=== AIM OF THE EXERCISE ===
The answer must be an exact copy of the lines from the one with "ультразвуковой, помещение до" through the final line of the records below, with no pictures.

=== EXTRACTED RECORDS ===
*** Begin section ***

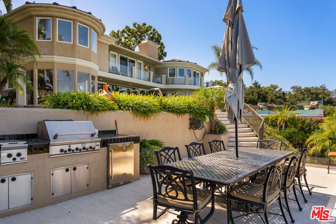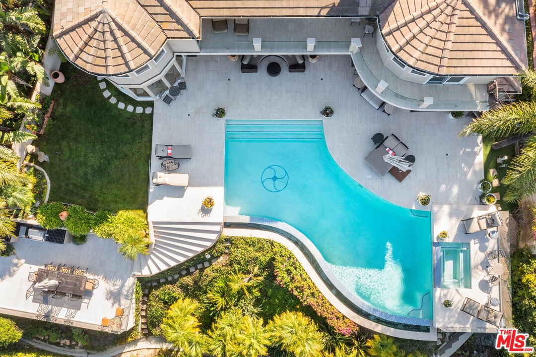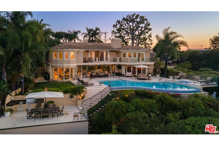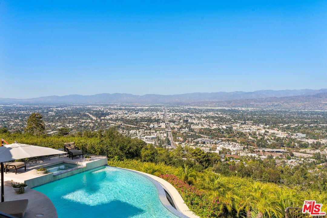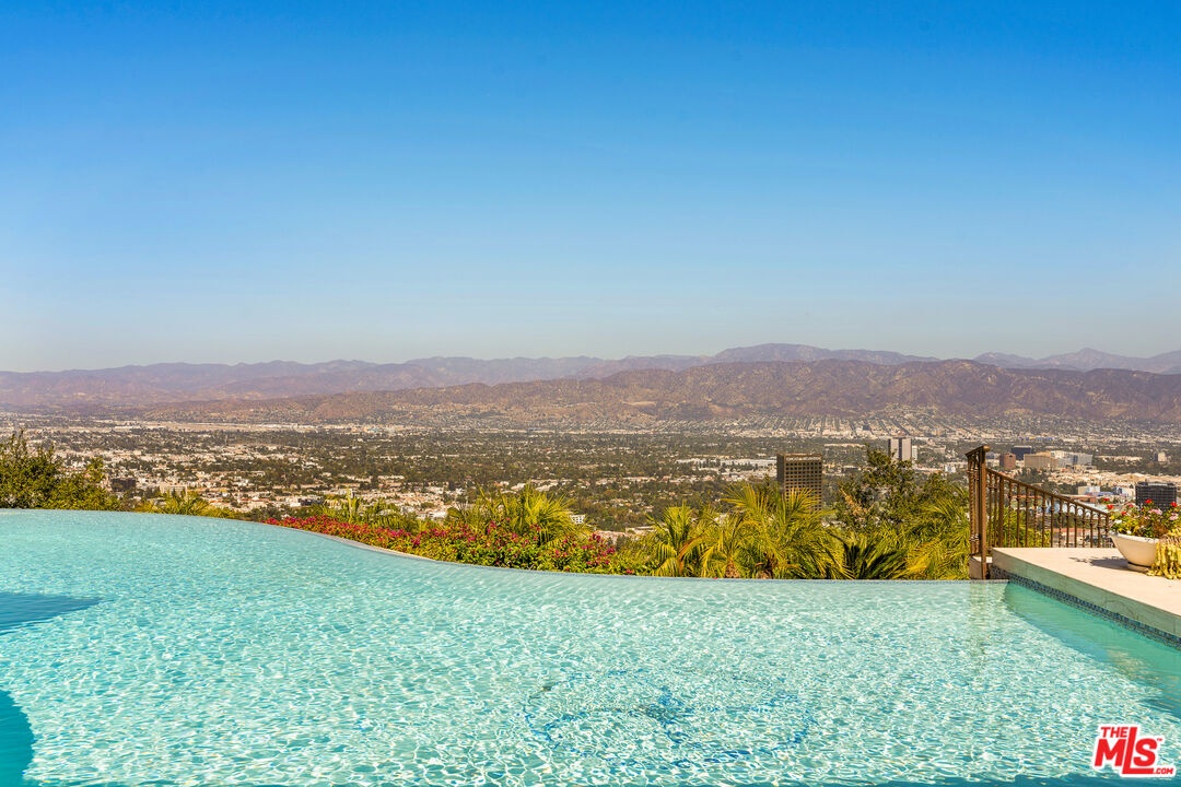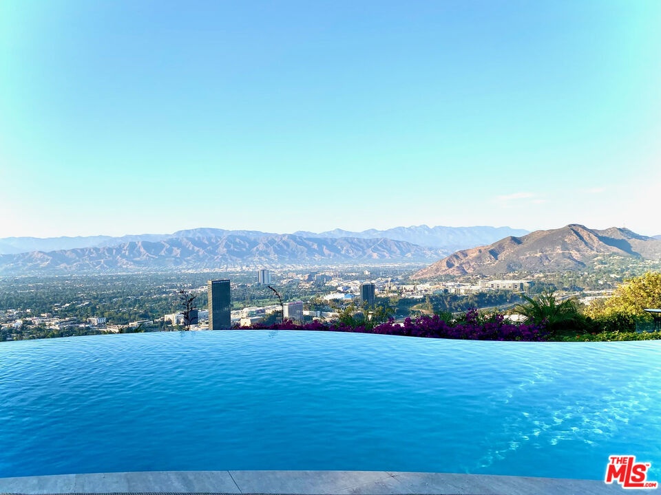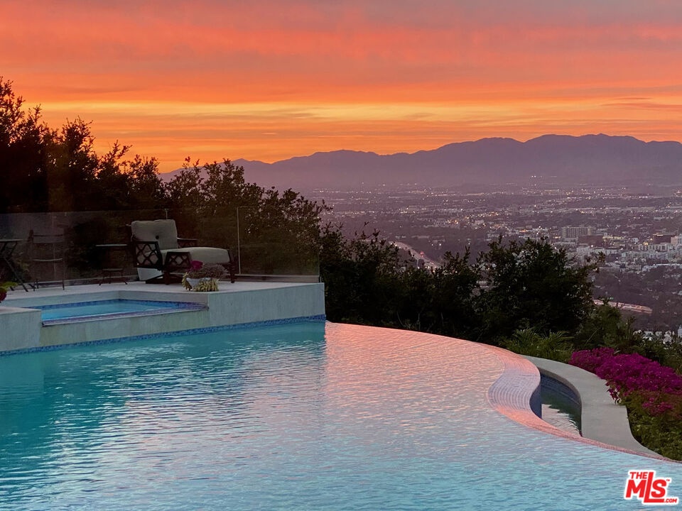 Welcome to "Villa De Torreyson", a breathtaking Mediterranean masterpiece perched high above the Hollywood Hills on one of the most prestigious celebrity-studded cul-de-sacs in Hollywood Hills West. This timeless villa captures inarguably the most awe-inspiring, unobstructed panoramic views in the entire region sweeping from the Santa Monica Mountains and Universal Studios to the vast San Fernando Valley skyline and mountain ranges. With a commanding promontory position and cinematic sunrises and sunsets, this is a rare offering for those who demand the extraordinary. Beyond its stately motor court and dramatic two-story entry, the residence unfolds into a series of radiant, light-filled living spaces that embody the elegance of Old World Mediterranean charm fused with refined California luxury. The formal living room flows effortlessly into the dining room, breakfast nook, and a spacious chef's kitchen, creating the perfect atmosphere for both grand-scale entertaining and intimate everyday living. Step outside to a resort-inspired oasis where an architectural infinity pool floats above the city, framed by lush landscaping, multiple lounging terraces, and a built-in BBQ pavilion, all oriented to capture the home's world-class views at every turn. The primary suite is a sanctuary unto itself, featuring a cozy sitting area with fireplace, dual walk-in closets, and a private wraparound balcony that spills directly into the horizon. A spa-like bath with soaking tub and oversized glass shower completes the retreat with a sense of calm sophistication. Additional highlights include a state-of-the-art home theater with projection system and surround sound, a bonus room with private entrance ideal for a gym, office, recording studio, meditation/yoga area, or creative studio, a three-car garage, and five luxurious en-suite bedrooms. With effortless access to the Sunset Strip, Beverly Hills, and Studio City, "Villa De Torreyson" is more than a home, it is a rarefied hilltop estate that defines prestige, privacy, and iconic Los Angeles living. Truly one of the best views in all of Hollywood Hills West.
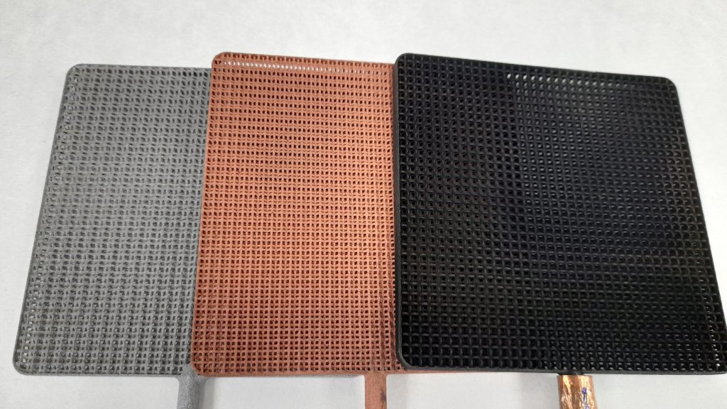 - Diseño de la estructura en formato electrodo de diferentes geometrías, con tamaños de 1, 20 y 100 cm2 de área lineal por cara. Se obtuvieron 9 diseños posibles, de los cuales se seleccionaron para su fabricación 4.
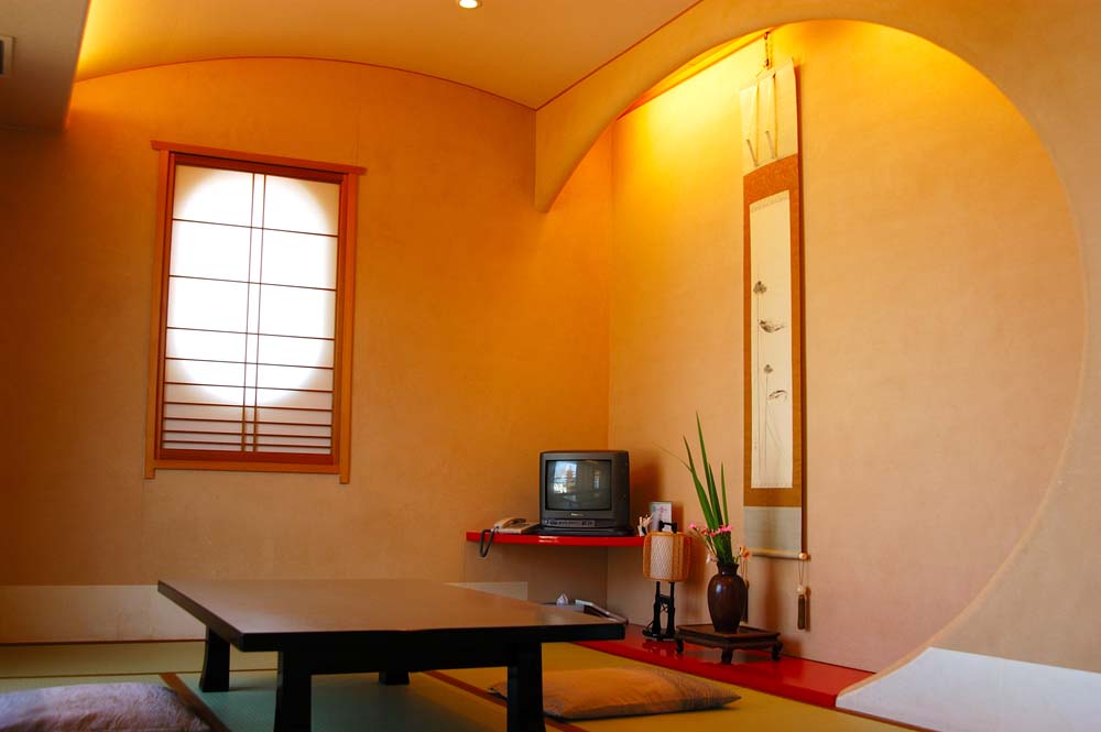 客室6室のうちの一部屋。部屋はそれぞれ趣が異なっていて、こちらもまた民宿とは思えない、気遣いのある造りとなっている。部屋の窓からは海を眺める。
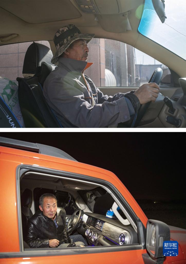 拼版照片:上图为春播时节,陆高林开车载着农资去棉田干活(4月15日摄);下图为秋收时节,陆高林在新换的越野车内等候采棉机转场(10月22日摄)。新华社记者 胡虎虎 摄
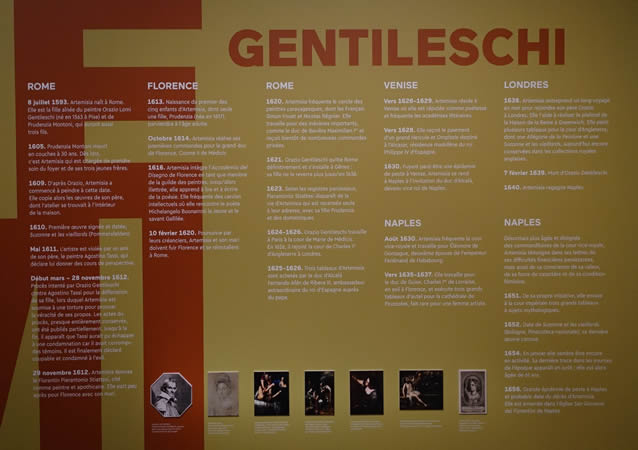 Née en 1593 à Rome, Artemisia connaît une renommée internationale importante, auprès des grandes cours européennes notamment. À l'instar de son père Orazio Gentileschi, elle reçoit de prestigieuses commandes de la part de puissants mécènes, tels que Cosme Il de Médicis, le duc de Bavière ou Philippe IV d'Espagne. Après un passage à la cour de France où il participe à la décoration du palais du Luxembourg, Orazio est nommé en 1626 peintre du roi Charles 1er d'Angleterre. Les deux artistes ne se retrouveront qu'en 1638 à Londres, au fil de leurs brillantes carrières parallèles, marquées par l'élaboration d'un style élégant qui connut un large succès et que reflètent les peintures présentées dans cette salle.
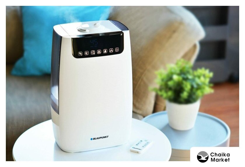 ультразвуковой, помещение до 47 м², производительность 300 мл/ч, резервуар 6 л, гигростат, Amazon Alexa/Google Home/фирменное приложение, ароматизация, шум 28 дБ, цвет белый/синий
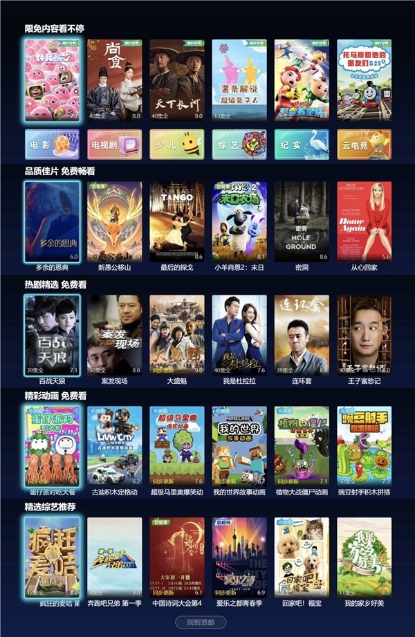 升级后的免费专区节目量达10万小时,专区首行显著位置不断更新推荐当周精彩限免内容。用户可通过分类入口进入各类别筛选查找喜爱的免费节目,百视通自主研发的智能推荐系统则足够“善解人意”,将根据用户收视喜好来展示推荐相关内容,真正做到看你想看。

*** End section ***

=== EXERCISE RESULT ===
 ультразвуковой, помещение до 47 м², производительность 300 мл/ч, резервуар 6 л, гигростат, Amazon Alexa/Google Home/фирменное приложение, ароматизация, шум 28 дБ, цвет белый/синий
 升级后的免费专区节目量达10万小时,专区首行显著位置不断更新推荐当周精彩限免内容。用户可通过分类入口进入各类别筛选查找喜爱的免费节目,百视通自主研发的智能推荐系统则足够“善解人意”,将根据用户收视喜好来展示推荐相关内容,真正做到看你想看。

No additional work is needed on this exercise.